Could you transcribe exactly the lines from the one containing "まずは体育館で生徒会執行委員から、中学校生活について紹介しました。" through the end of the listing below, both included, but none of the pictures?

• **RECORDED INFORMATION**
----------------------------------------

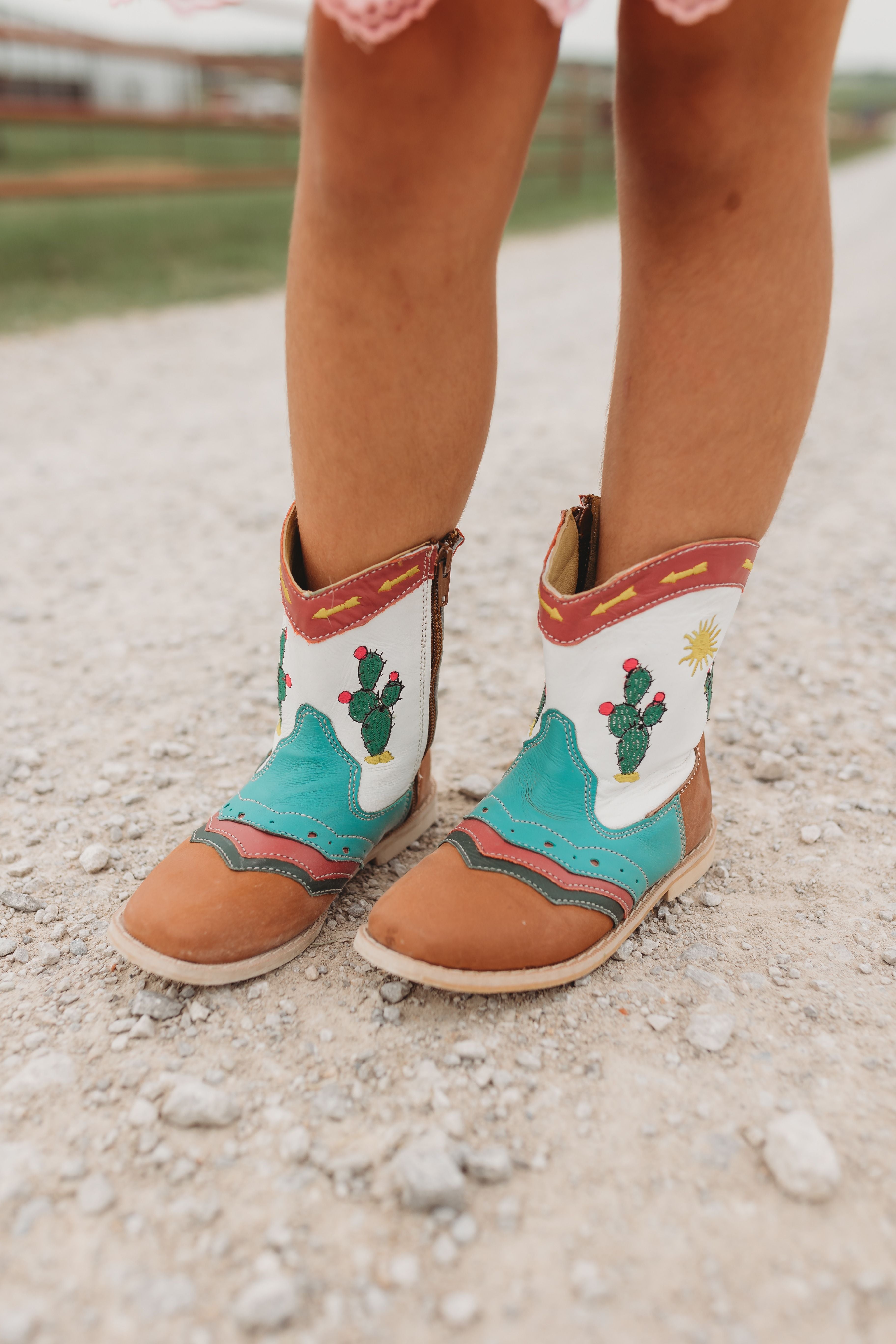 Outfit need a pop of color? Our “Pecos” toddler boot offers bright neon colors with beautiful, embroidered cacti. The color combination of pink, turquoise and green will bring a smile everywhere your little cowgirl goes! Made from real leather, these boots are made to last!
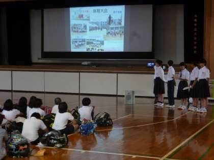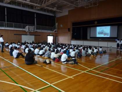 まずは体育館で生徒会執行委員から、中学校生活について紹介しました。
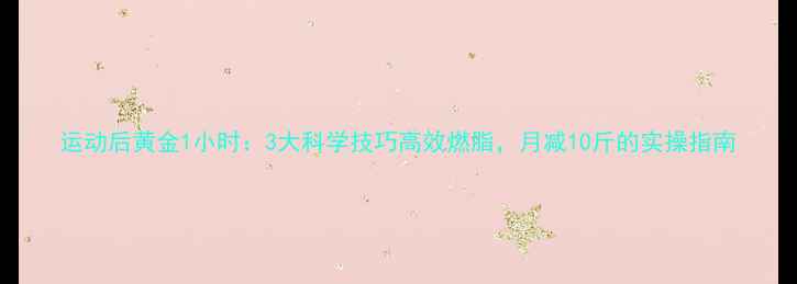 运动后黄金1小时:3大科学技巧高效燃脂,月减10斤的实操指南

----------------------------------------

• **SOLUTION TO THIS TASK**
 まずは体育館で生徒会執行委員から、中学校生活について紹介しました。
 运动后黄金1小时:3大科学技巧高效燃脂,月减10斤的实操指南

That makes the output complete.